#### Dataset content
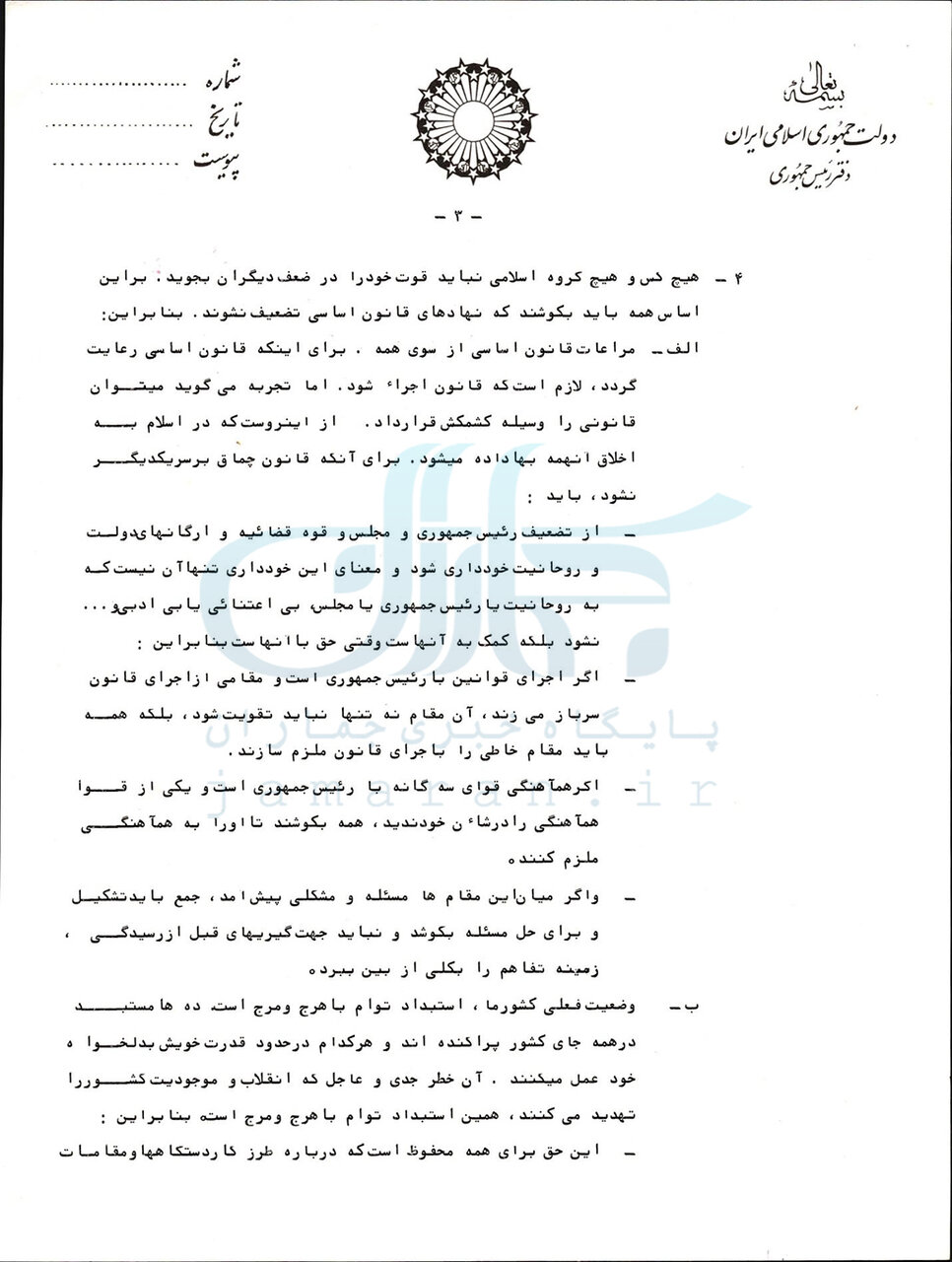 3 - دو سطر پایانی نامه نیز اشتباهی را که در برخی خاطرات و مقالات، تاریخ جلسات شورای انقلاب را آبان و آذر سال 57 ذکر کرده اند تصحیح می نماید. بنابر این و به استناد مدارک مختلف می توان گفت نخستین جلساتی که به عنوان شورای انقلاب اسلامی بصورت رسمی و بر طبق اساسنامه تشکیل شده است در دیماه 1357 به بعد بوده است.
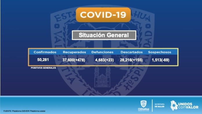 Chihuahua, Chih. – En el lapso de las últimas 24 horas, el estado de Chihuahua alcanzó los 50 mil 281 casos confirmados de COVID-19 y las defunciones llegaron a las 4 mil 683, de acuerdo con el reporte que diariamente emite la Secretaría de Salud.
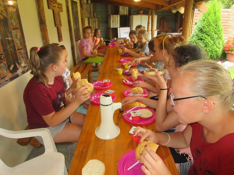 Po powrocie i rozstrzygnięciu zabawy, wszyscy udali się do salki św. Klary gdzie obejrzeli krótką bajkę przedstawiającą najważniejsze fakty z życia Świętej. Dzieci musiały z uwagą oglądać filmik, ponieważ informacje o życiu św. Klary potrzebne były w następnych zadaniach. Po projekcji przyszedł czas na kolację, na pyszną grillowana kiełbaskę. Gdy dzieci najadły się i nakarmiły koty wzięły udział w quizie o życiu św. Klary. Uczestnicy zabawili się w wędkarzy i z małego basenu musieli w ciągu 30 sekund wyłowić rybkę z pytaniem dotyczącym głównej bohaterki spotkania. Drużyny były dobrze przygotowane i miały dużą wiedzę na temat życia św. Klary. Gdy w ogrodzie zapadł zmierzch, a w klasztorze zapanowała głęboka cisza wszyscy przeszli do klasztornego refektarza na zajęcia plastyczne. Dzieci zdobiły świece. I to nie był przypadek, świeca bowiem daje światło, rozjaśnia otoczenie, w świetle dostrzegamy wiele rzeczy, często widzimy je w innym wymiarze. Imię Klara oznacza blask, jasność, światło, które ma przypominać, że i my jako chrześcijanie mamy być światłością, podobnie jak była nią św. Klara. Ona jest jasnym przykładem jak zdecydowanie iść za Jezusem, jasnym świadectwem oddania i miłości do Boga dla ludzi żyjących w dzisiejszym świecie. W nocy ok 24.00 ogłoszono pobudkę, wszyscy uczestnicy spotkania z zapalonymi świecami przeszli ciemnymi klasztornymi korytarzami do kościoła. Na ołtarzu św. Franciszka została przygotowana dekoracja ku czci św. Klary. Dzieci odmówiły wspólnie modlitwę o łaskę stania się światłem dla innych i zostawiły ozdobione przez siebie świece przy wizerunku św. Klary. Po nocy pełnej wrażeń nastał słoneczny poranek. Choć niektórym ciężko było wstać, wszyscy wzięli udział w Eucharystii, którą szczególnie umiłowała św. Klara. Ostatnim punktem spotkania było świąteczne śniadanie w klasztornym ogrodzie, po którym podsumowano wspólnie spędzony czas. Bardzo serdecznie dziękujemy Parafialnemu Zespołowi Charytatywnemu za przygotowanie i poprowadzenie tego szczególnego spotkania. Niech św. Klara wyprasza nam wszystkim potrzebne łaski u Pana.
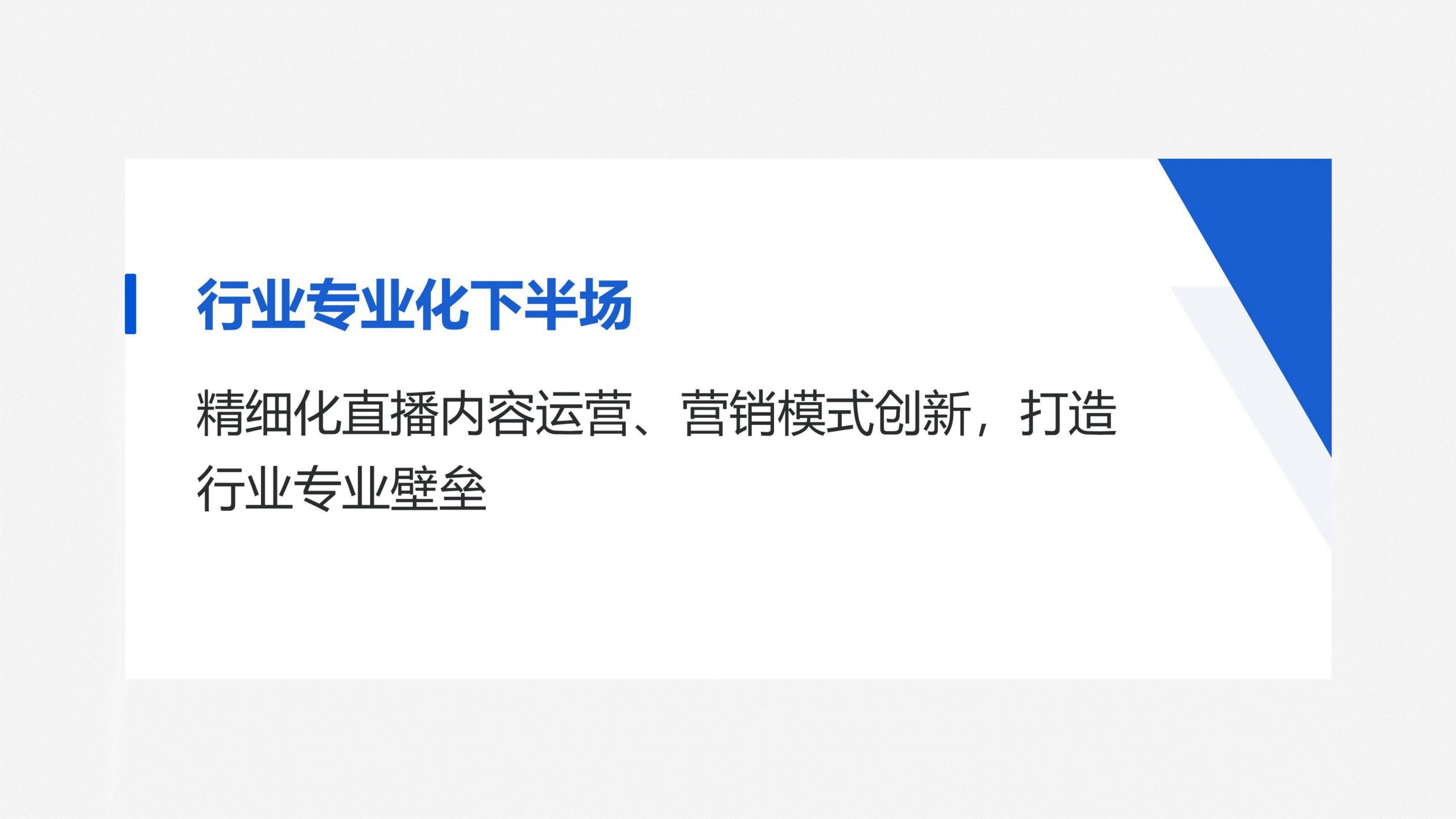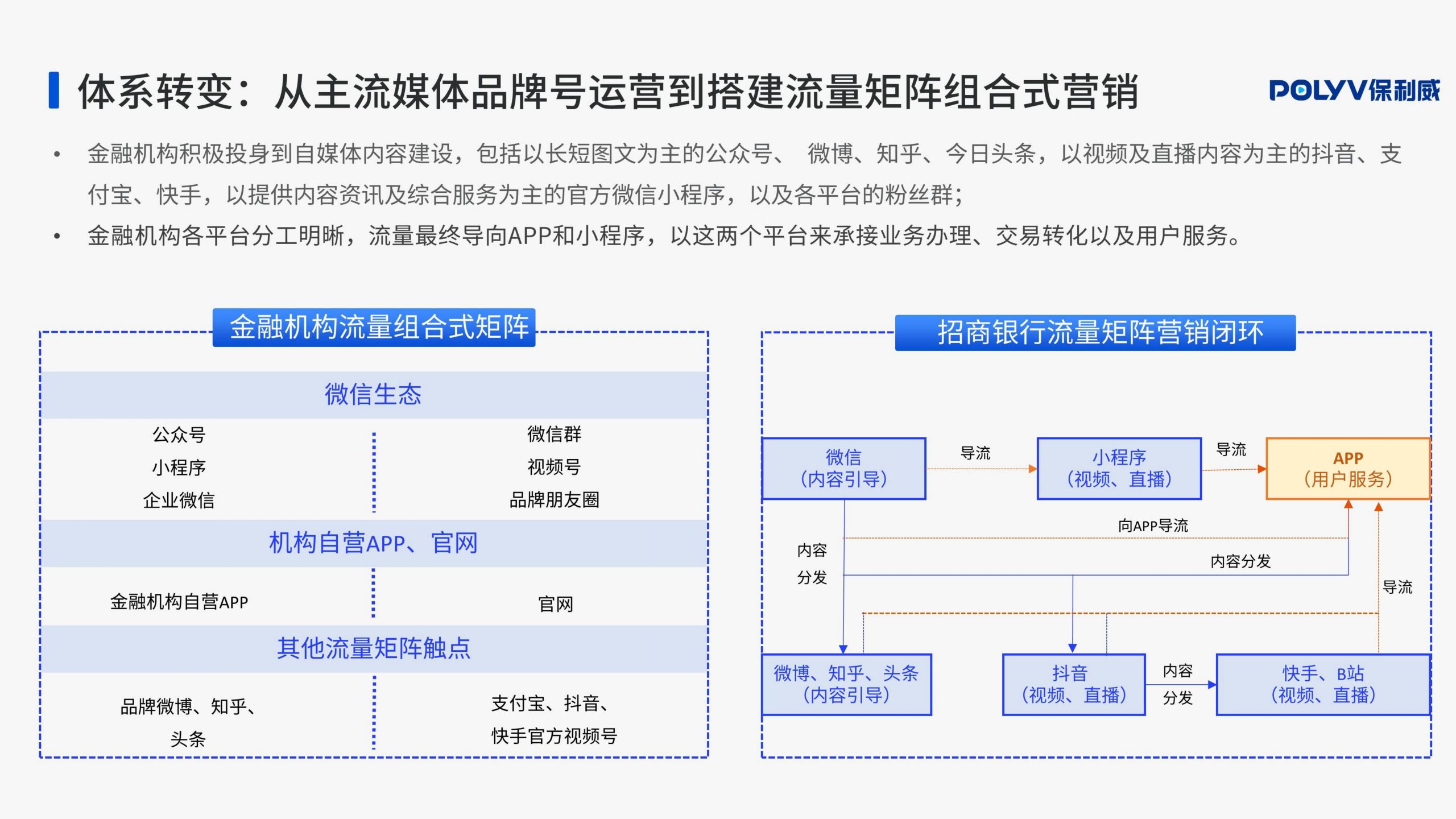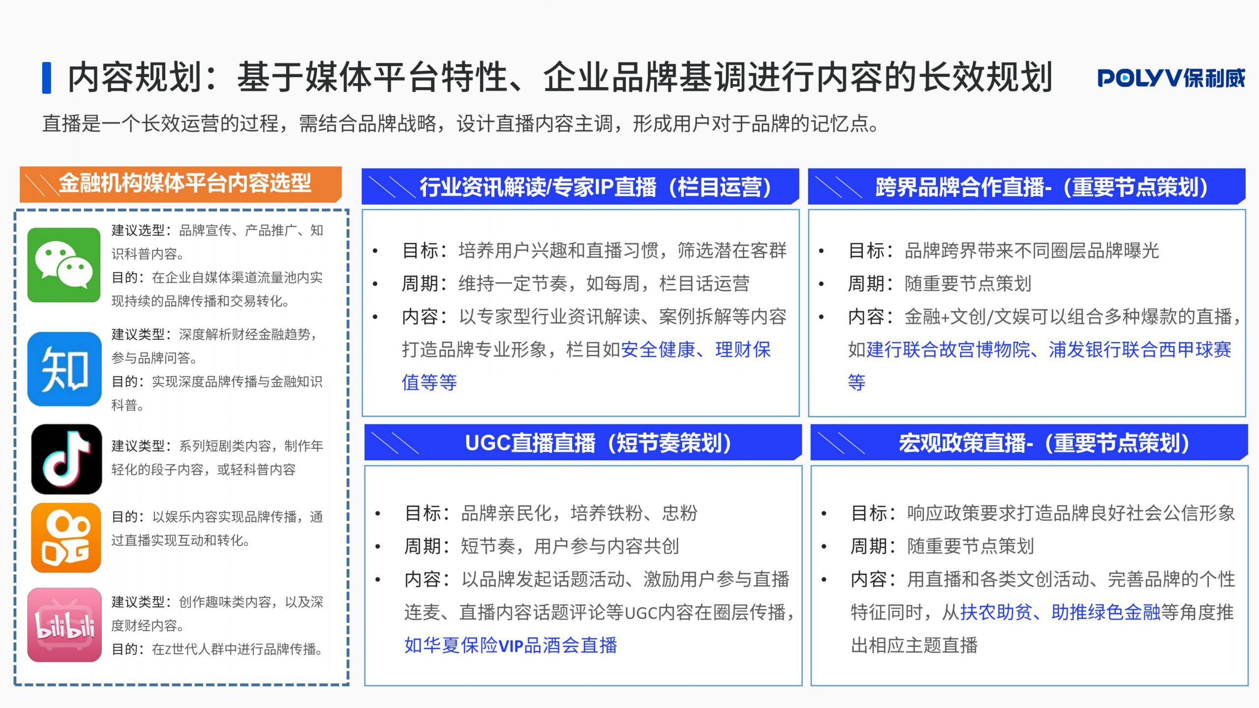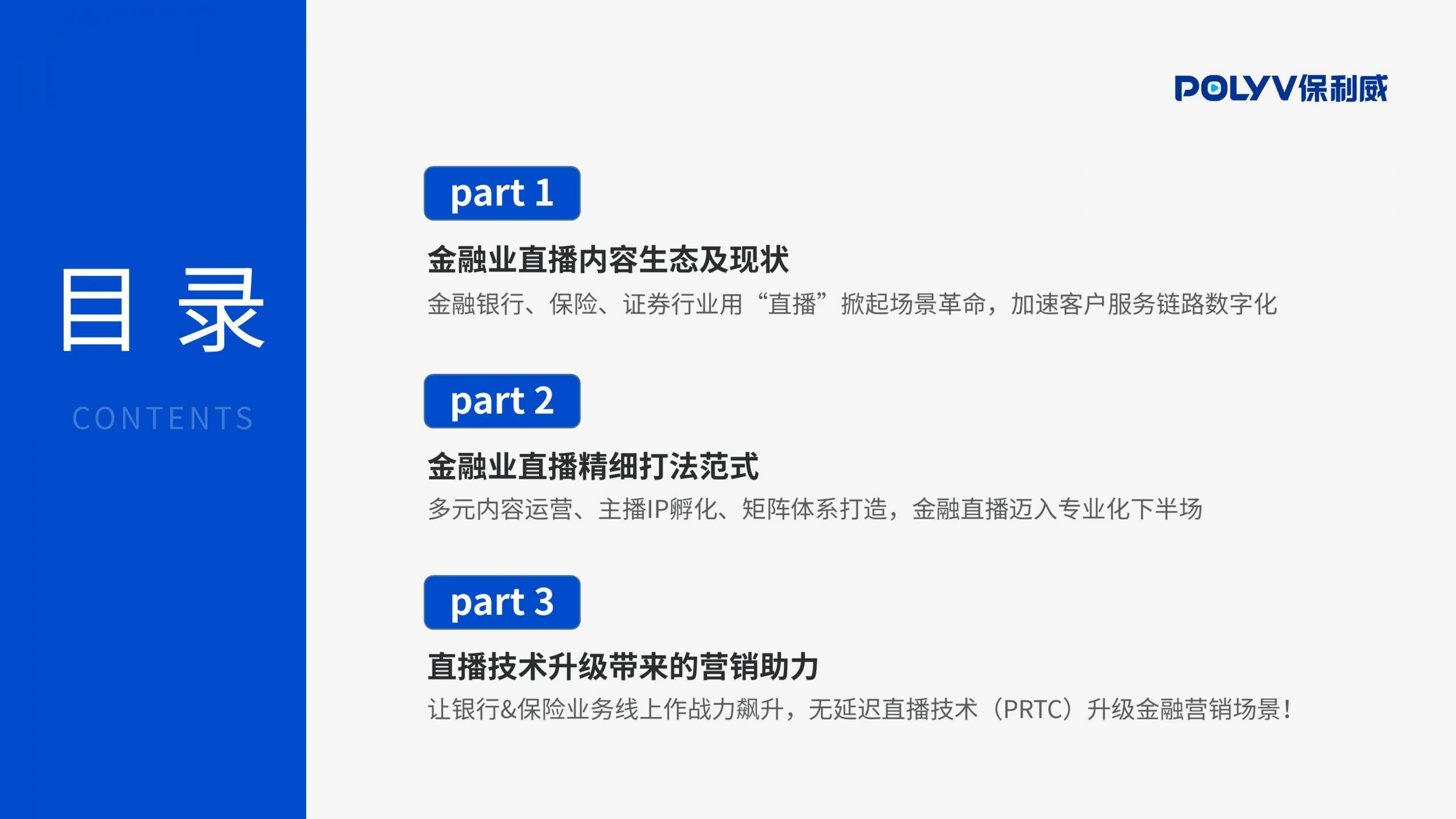 尤其是随着消费者的全面线上化,潜在客户从接触,到感兴趣,再到通过直播咨询一步步成为客户,全链路的金融服务都能在线上完成,直播直接加速了金融服务链路的数字化。在这样的趋势和浪潮之下,粗略式、无体系的直播打法将成为过去式,而精细化的直播内容运营、直播平台升级、营销模式的创新,将开启行业专业化的下半场。
########
▶ _Your task_: Without the pictures, retype the whole of the material above exactly.

▶ _Reply to the task_:
 3 - دو سطر پایانی نامه نیز اشتباهی را که در برخی خاطرات و مقالات، تاریخ جلسات شورای انقلاب را آبان و آذر سال 57 ذکر کرده اند تصحیح می نماید. بنابر این و به استناد مدارک مختلف می توان گفت نخستین جلساتی که به عنوان شورای انقلاب اسلامی بصورت رسمی و بر طبق اساسنامه تشکیل شده است در دیماه 1357 به بعد بوده است.
 Chihuahua, Chih. – En el lapso de las últimas 24 horas, el estado de Chihuahua alcanzó los 50 mil 281 casos confirmados de COVID-19 y las defunciones llegaron a las 4 mil 683, de acuerdo con el reporte que diariamente emite la Secretaría de Salud.
 Po powrocie i rozstrzygnięciu zabawy, wszyscy udali się do salki św. Klary gdzie obejrzeli krótką bajkę przedstawiającą najważniejsze fakty z życia Świętej. Dzieci musiały z uwagą oglądać filmik, ponieważ informacje o życiu św. Klary potrzebne były w następnych zadaniach. Po projekcji przyszedł czas na kolację, na pyszną grillowana kiełbaskę. Gdy dzieci najadły się i nakarmiły koty wzięły udział w quizie o życiu św. Klary. Uczestnicy zabawili się w wędkarzy i z małego basenu musieli w ciągu 30 sekund wyłowić rybkę z pytaniem dotyczącym głównej bohaterki spotkania. Drużyny były dobrze przygotowane i miały dużą wiedzę na temat życia św. Klary. Gdy w ogrodzie zapadł zmierzch, a w klasztorze zapanowała głęboka cisza wszyscy przeszli do klasztornego refektarza na zajęcia plastyczne. Dzieci zdobiły świece. I to nie był przypadek, świeca bowiem daje światło, rozjaśnia otoczenie, w świetle dostrzegamy wiele rzeczy, często widzimy je w innym wymiarze. Imię Klara oznacza blask, jasność, światło, które ma przypominać, że i my jako chrześcijanie mamy być światłością, podobnie jak była nią św. Klara. Ona jest jasnym przykładem jak zdecydowanie iść za Jezusem, jasnym świadectwem oddania i miłości do Boga dla ludzi żyjących w dzisiejszym świecie. W nocy ok 24.00 ogłoszono pobudkę, wszyscy uczestnicy spotkania z zapalonymi świecami przeszli ciemnymi klasztornymi korytarzami do kościoła. Na ołtarzu św. Franciszka została przygotowana dekoracja ku czci św. Klary. Dzieci odmówiły wspólnie modlitwę o łaskę stania się światłem dla innych i zostawiły ozdobione przez siebie świece przy wizerunku św. Klary. Po nocy pełnej wrażeń nastał słoneczny poranek. Choć niektórym ciężko było wstać, wszyscy wzięli udział w Eucharystii, którą szczególnie umiłowała św. Klara. Ostatnim punktem spotkania było świąteczne śniadanie w klasztornym ogrodzie, po którym podsumowano wspólnie spędzony czas. Bardzo serdecznie dziękujemy Parafialnemu Zespołowi Charytatywnemu za przygotowanie i poprowadzenie tego szczególnego spotkania. Niech św. Klara wyprasza nam wszystkim potrzebne łaski u Pana.
 尤其是随着消费者的全面线上化,潜在客户从接触,到感兴趣,再到通过直播咨询一步步成为客户,全链路的金融服务都能在线上完成,直播直接加速了金融服务链路的数字化。在这样的趋势和浪潮之下,粗略式、无体系的直播打法将成为过去式,而精细化的直播内容运营、直播平台升级、营销模式的创新,将开启行业专业化的下半场。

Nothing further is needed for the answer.